WHAT YOU WILL DO: Leave the pictures out and restate every line below exactly.

Stored records:
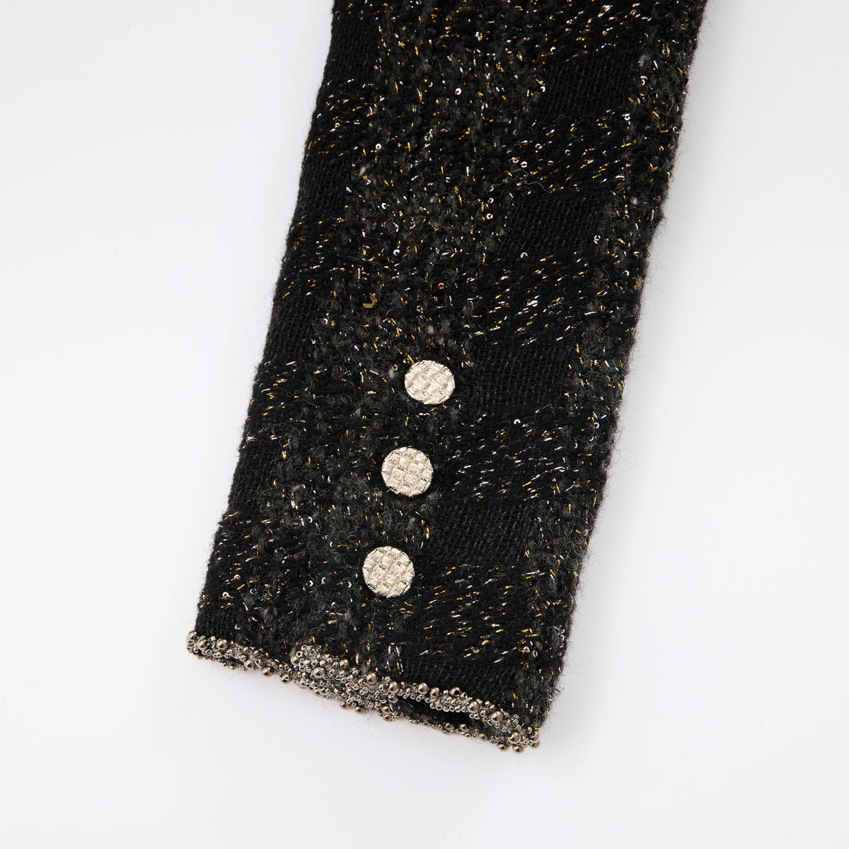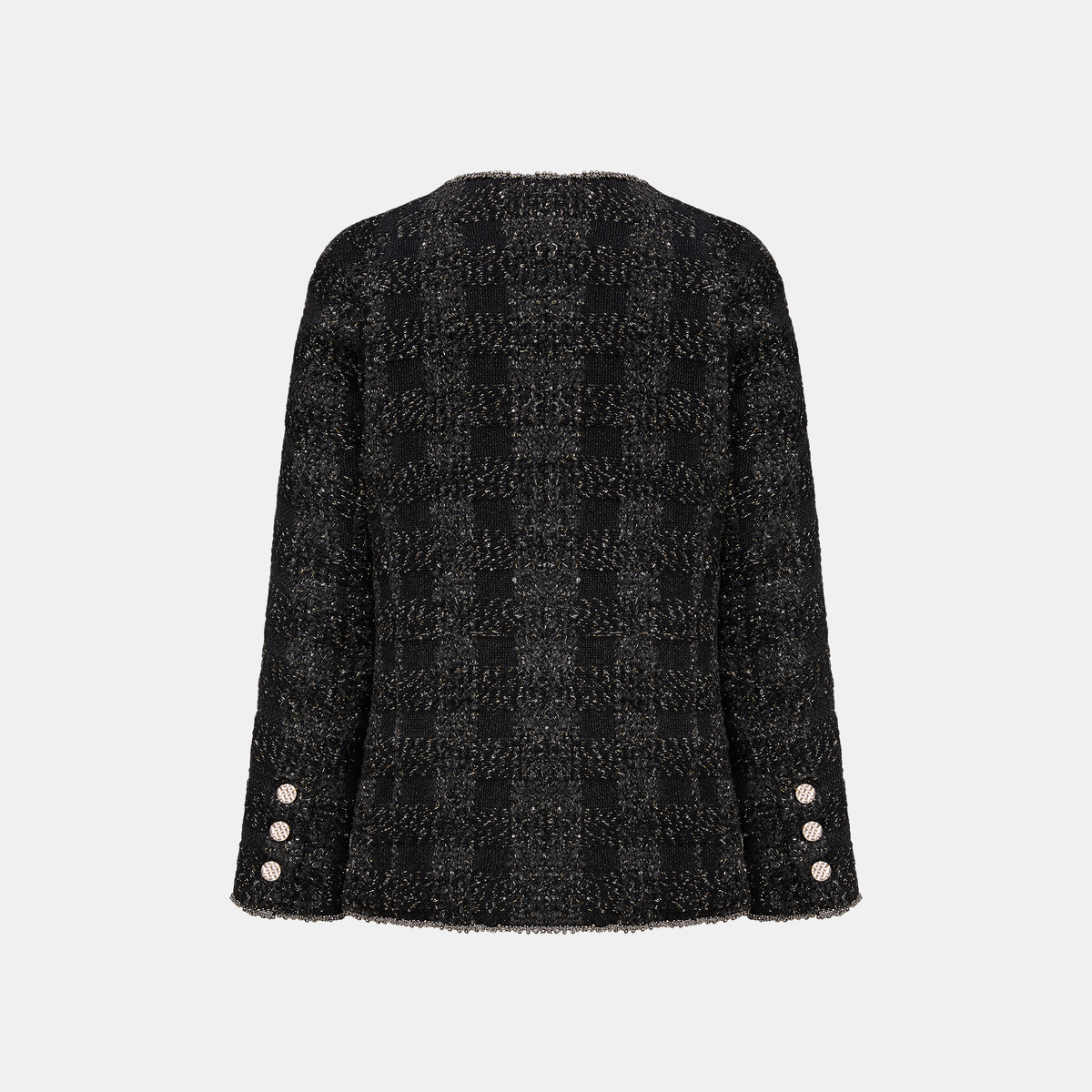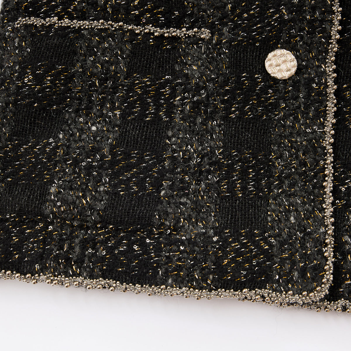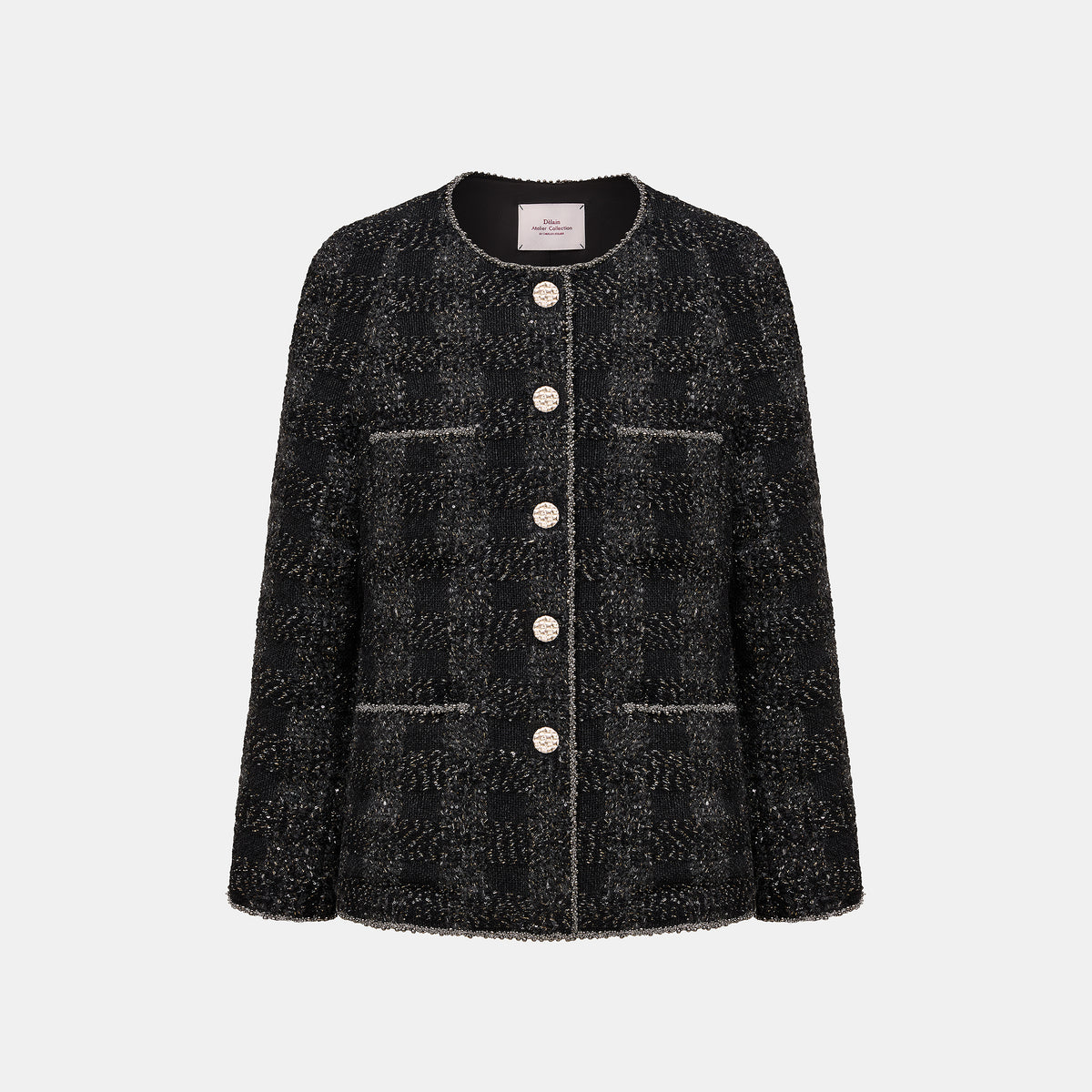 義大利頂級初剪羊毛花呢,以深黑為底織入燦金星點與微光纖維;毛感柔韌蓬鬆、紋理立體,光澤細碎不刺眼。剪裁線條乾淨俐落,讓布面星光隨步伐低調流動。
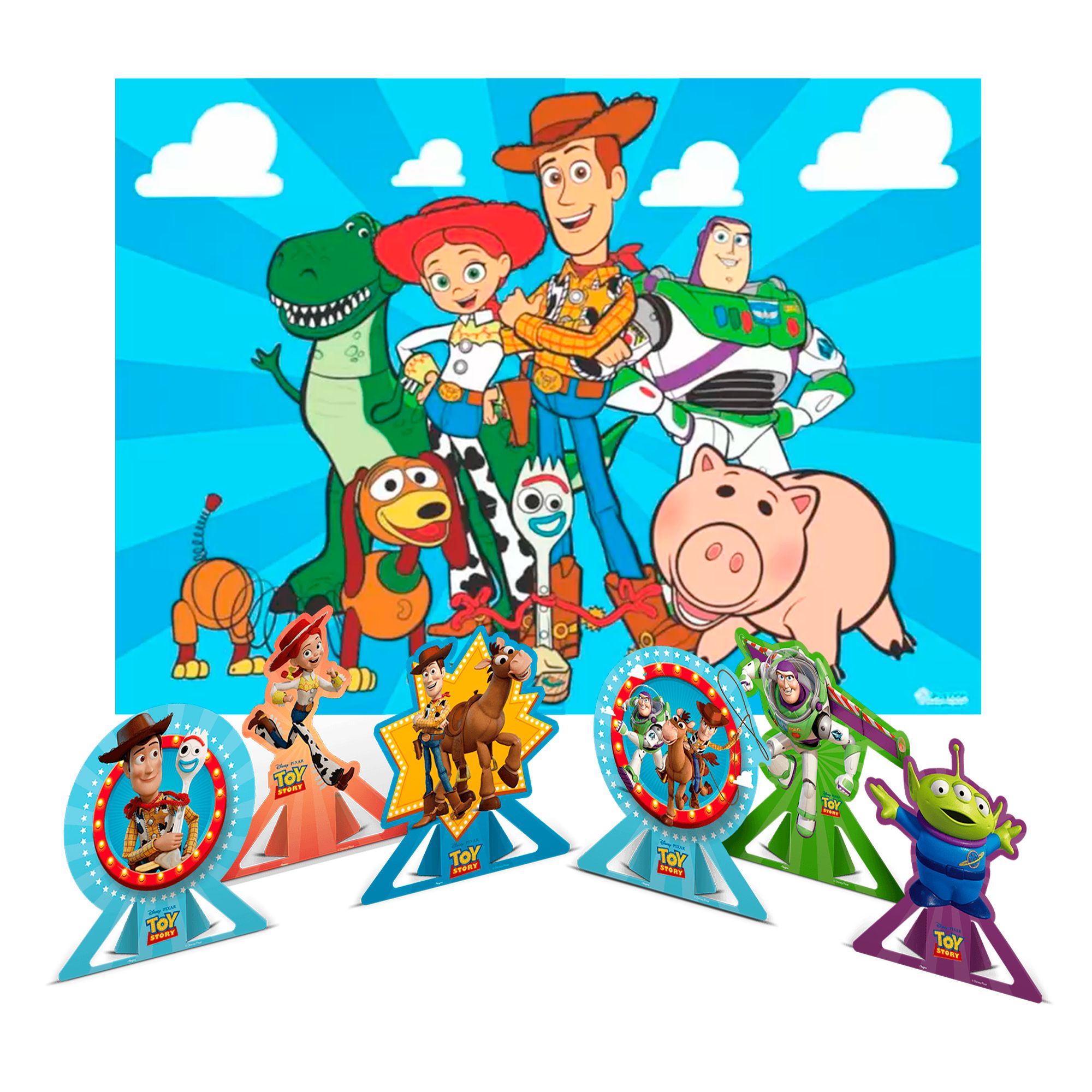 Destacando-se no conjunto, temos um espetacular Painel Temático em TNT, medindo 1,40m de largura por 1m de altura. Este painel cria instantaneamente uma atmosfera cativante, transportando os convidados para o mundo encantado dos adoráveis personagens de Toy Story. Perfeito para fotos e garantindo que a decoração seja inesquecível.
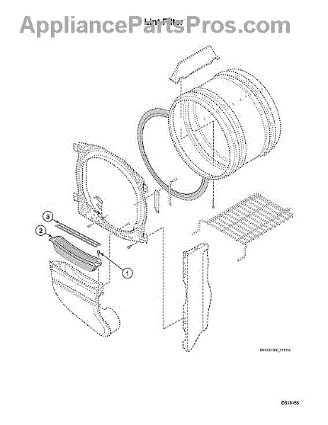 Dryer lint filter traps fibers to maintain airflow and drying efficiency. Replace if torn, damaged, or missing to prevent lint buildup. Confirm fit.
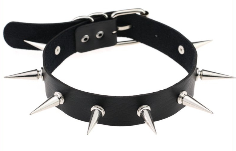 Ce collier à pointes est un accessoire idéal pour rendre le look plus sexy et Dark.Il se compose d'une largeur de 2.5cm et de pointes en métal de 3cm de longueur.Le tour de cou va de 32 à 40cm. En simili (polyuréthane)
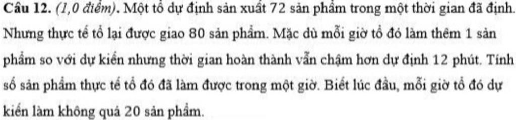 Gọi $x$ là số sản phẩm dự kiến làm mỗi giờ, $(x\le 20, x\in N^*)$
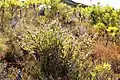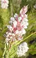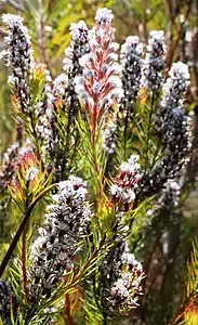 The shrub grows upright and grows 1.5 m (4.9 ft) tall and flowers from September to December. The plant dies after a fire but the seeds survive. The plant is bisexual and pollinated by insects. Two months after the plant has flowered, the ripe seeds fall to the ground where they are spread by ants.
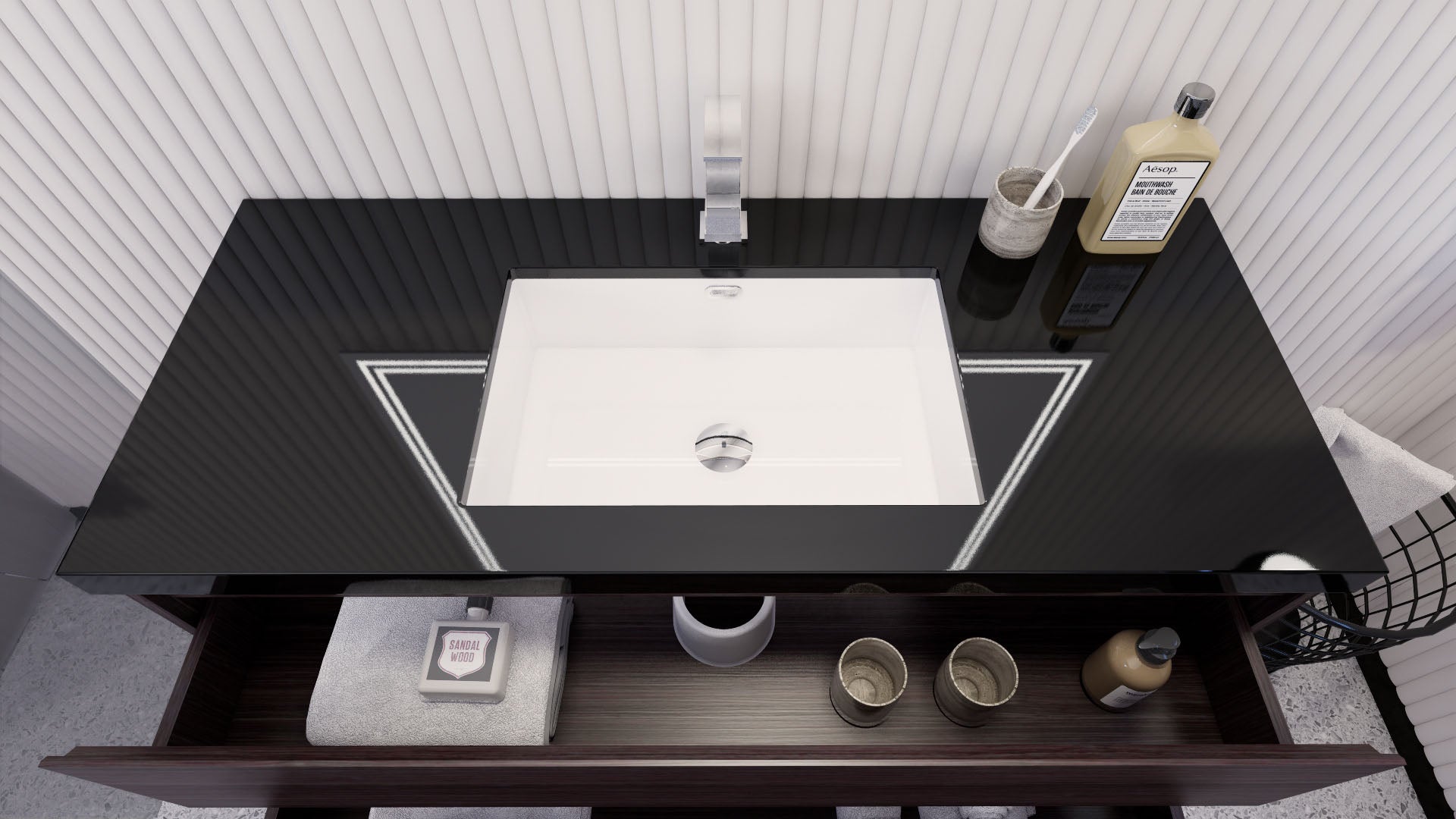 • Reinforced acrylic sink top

EXERCISE RESPONSE:
 義大利頂級初剪羊毛花呢,以深黑為底織入燦金星點與微光纖維;毛感柔韌蓬鬆、紋理立體,光澤細碎不刺眼。剪裁線條乾淨俐落,讓布面星光隨步伐低調流動。
 Destacando-se no conjunto, temos um espetacular Painel Temático em TNT, medindo 1,40m de largura por 1m de altura. Este painel cria instantaneamente uma atmosfera cativante, transportando os convidados para o mundo encantado dos adoráveis personagens de Toy Story. Perfeito para fotos e garantindo que a decoração seja inesquecível.
 Dryer lint filter traps fibers to maintain airflow and drying efficiency. Replace if torn, damaged, or missing to prevent lint buildup. Confirm fit.
 Ce collier à pointes est un accessoire idéal pour rendre le look plus sexy et Dark.Il se compose d'une largeur de 2.5cm et de pointes en métal de 3cm de longueur.Le tour de cou va de 32 à 40cm. En simili (polyuréthane)
 Gọi $x$ là số sản phẩm dự kiến làm mỗi giờ, $(x\le 20, x\in N^*)$
 The shrub grows upright and grows 1.5 m (4.9 ft) tall and flowers from September to December. The plant dies after a fire but the seeds survive. The plant is bisexual and pollinated by insects. Two months after the plant has flowered, the ripe seeds fall to the ground where they are spread by ants.
 • Reinforced acrylic sink top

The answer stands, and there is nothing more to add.